It pains me greatly to have to post a Part 2 following upon yesterday’s post, but once again I have stumbled across something so unbelievable that it leaves me speechless — though I still have the ability to type! An organization I have never before heard of, called the Christian Anti-Defamation Commission, has apparently published a list of what they call the Top 10 Anti-Christian Acts of 2009. About a third of the list revolves around pro-life/abortion related incidents, and another third revolves around sexuality issues (apparently, the appearance of Bishop Gene Robinson to pray at an Obama pre-inauguration event constitutes one of the top 10 anti-Christian acts). I suspect you are wondering, however, what constitutes the Number 1 Anti-Christian Act of 2009, according to this organization. Well, here it is: the passage of new hate crime legislation.
So, let me understand this. In the Gospels, we find Jesus saying that we are to love our neighbors as ourselves, and we find Jesus defining our neighbors in terms of anyone who needs our help. Yet somehow, when we pass a law protecting some of our neighbors from crimes committed out of hatred against them, this constitutes an anti-Christian act?
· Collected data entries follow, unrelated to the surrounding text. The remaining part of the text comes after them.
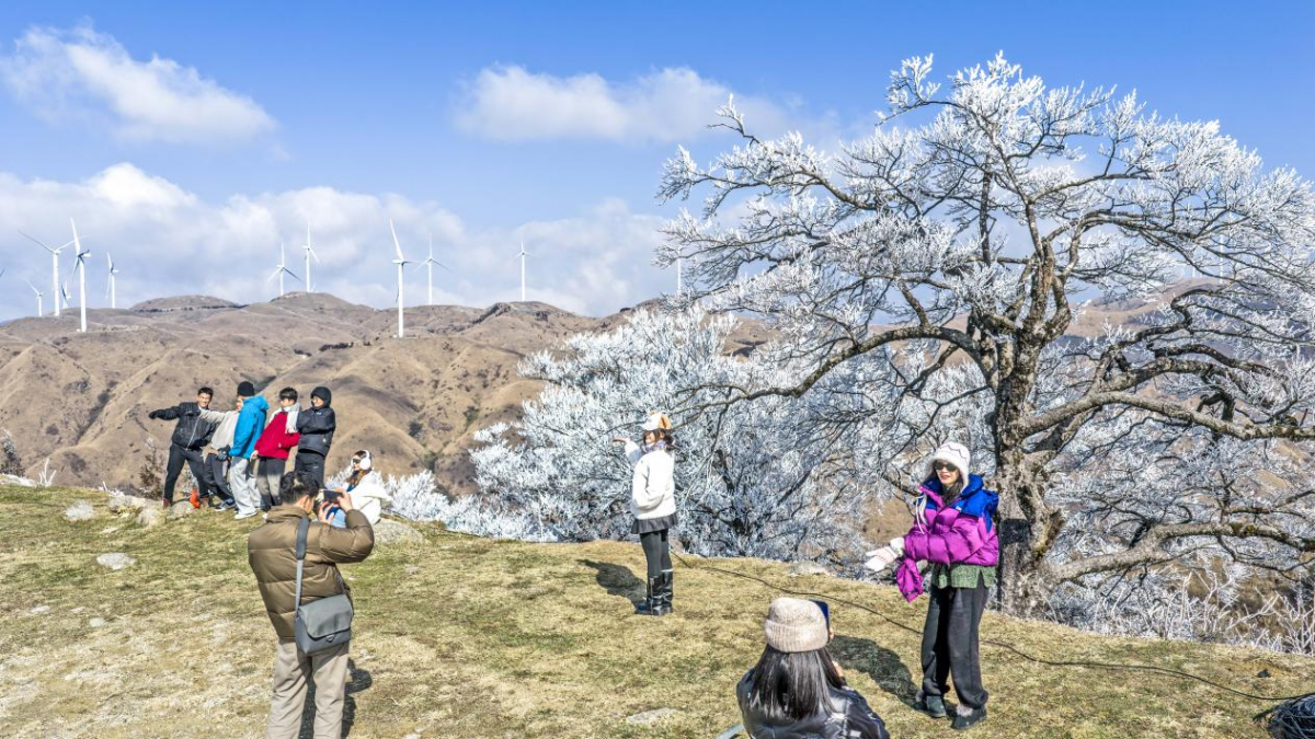 高山上形成了雾凇景观,游客纷纷前往打卡拍照(央广网发 王战飞 摄)
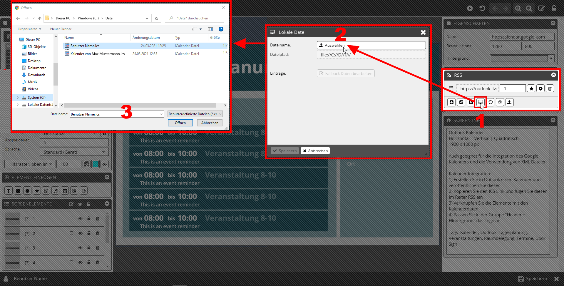 - Wählen Sie aus dem Ordner → Data den Kalender aus, den Sie einfügen möchten. Dateipfad: Dieser PC → Windows (C:) → Data.
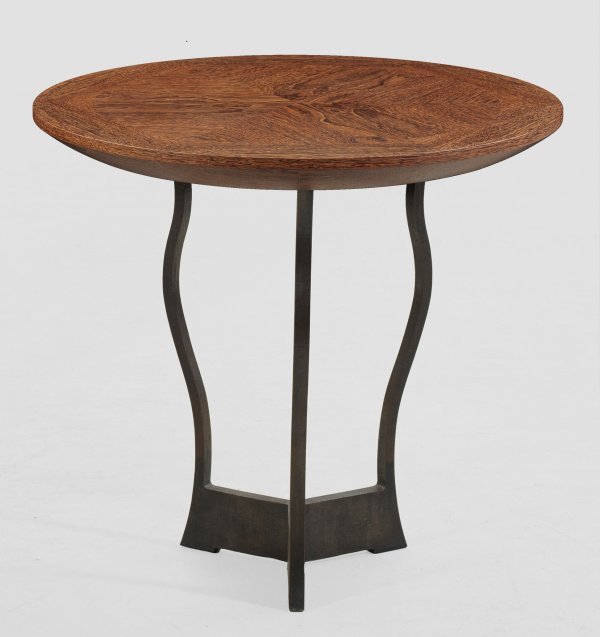 Design-Beistelltisch "Erasmo" von Romeo Sozzi Wengé-Holz und Bronze, dunkel patiniert. Offen gestaltetes Gestell aus geschwungenen Vierkantstreben, durch gegeneinander gestellte Stege als Sockel verbunden. Oberhalb kräftige, runde Deckplatte. Unbez.; Entw. Romeo Sozzi. H. 65 cm. D. 70 cm.
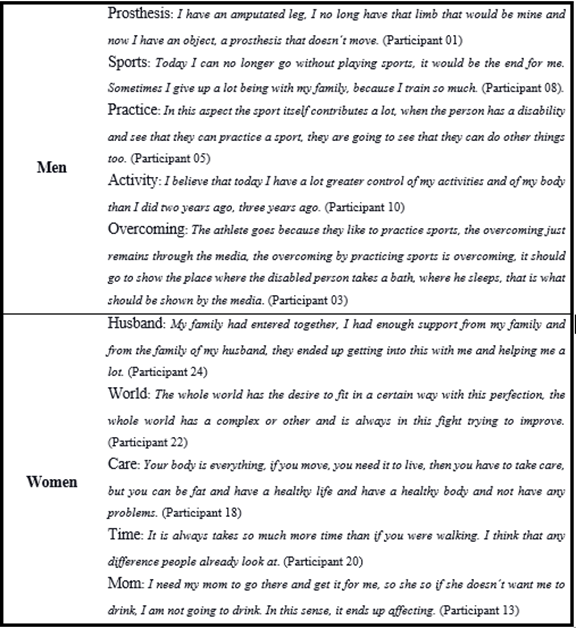 Through the contrast analysis, it was identified that men and women have particularities when relating to the body. The men highlighted content belonging to the practice of sports and the related aspects of overcoming this, physical activities, and the return to routine activities. The reports indicate that physical activities provide greater performance and quality in their daily activities since they strengthen their musculature, in addition to enabling socialization among peers as a crucial factor in informing the (im)possibilities in the face of injury. Still, the word prosthesis was also associated with men, possibly by the interviewees who suffered amputations being male. In this sense, they consider it as a fundamental tool for the quality of life and ease of locomotion.
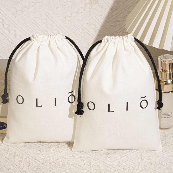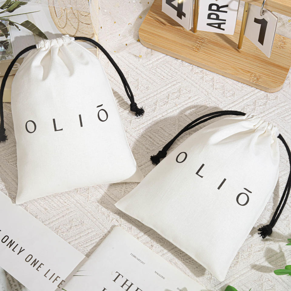 Borsa con coulisse in cotone riciclabile di alta qualità con logo personalizzato stampato per uso quotidiano per contenere regali
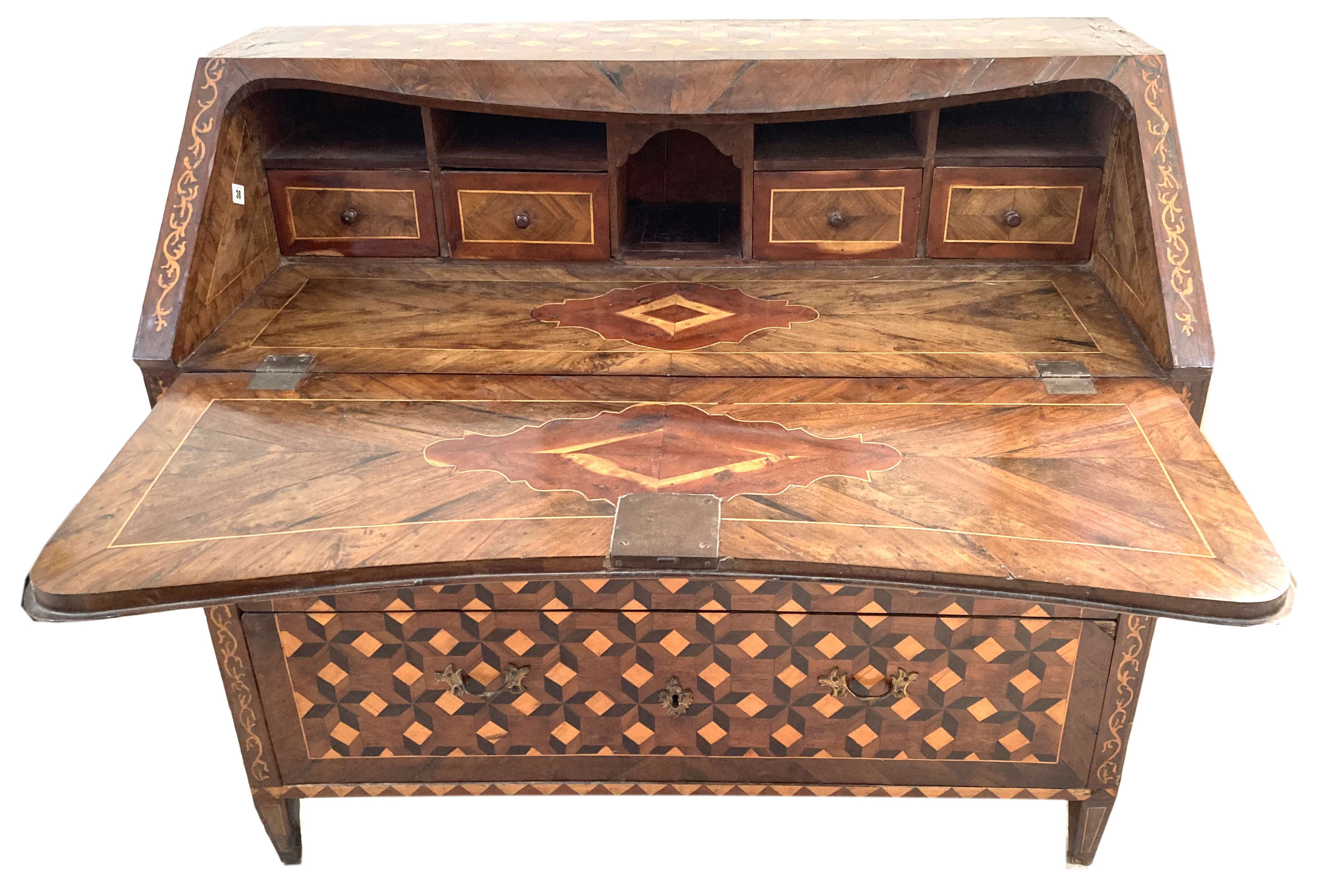 19thC. Maltese Olivewood Bureau With Parquetry Inlay
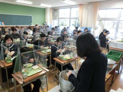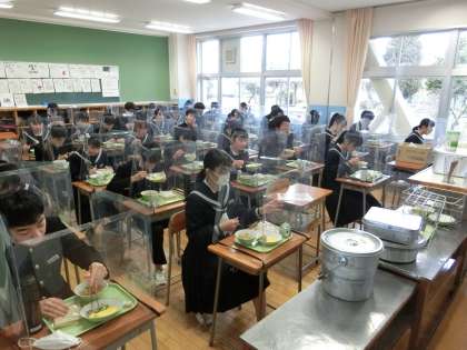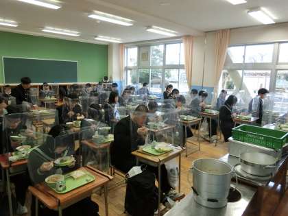 中学校最後の給食3 公開日 2022/03/14 更新日 2022/03/14 3学年 最後の給食の献立は焼きそばです。みんなたくさんおかわりして、おいしそうに食べていました。 上:3−1 中:3−2 下:3−3
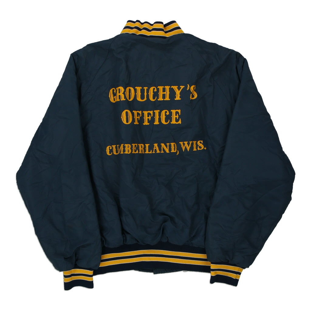 Vintage Made in USA Grouchy's Office navy Dunbrooke varsity jacket, fits medium.

This brings me to another of Jesus’ teachings: that we must love our enemies. I wouldn’t count the Christian Anti-Defamation Commission as my enemy, exactly, although the strength of my disagreement with what they seem to stand for is probably about how I would feel toward someone who was my enemy. Somehow, I must find a way to love them, even as I hope and pray for some kind of transformation to occur in their point of view. Some days, following Jesus is not so easy.
All of this reminds me that, in fact, the words “Christian” and “Christianity” have become almost meaningless. The reality is that you cannot know what someone means when they call themselves a Christian until you have them complete a rather involved questionnaire — or at least have a long conversation. And there are many different Christianities out there, each one, I suppose, claiming to be authentic — including my own. Yet, I have trouble finding any authenticity in the kind of Christianity that seems to lie behind the Christian Anti-Defamation Commission’s list.
My mind wanders back to something Karen Armstrong said at the end of her book about fundamentalisms in Judaism, Christianity and Islam (entitled The Battle for God). She acknowledged that it was difficult to develop any kind of standard by which to evaluate anyone’s religion or spirituality. But then she went on to say that if one’s spiritual path did not lead one toward greater compassion for others, then in her mind, that path needed to be questioned. I must say that I find little compassion, and a lot of judgment, in the list put forth by these Anti-Defamation folks.
Jesus really DOES need a new publicist. The friend whose Facebook posting led me to discover the Christian Anti-Defamation Commission’s list featured a comment by someone that simply said, “And you wonder why most people don’t attend church.” Not a surprising comment (or reality) at all, when the public face of Christianity tends to be primarily a face of judgment, rather than a face of compassion.
Somehow, those of us who practice a Christianity of a different kind, must get the word out that there IS a different kind of Christianity from the one that seems to get most of the attention. Our future depends on it. More than that, our faith demands it.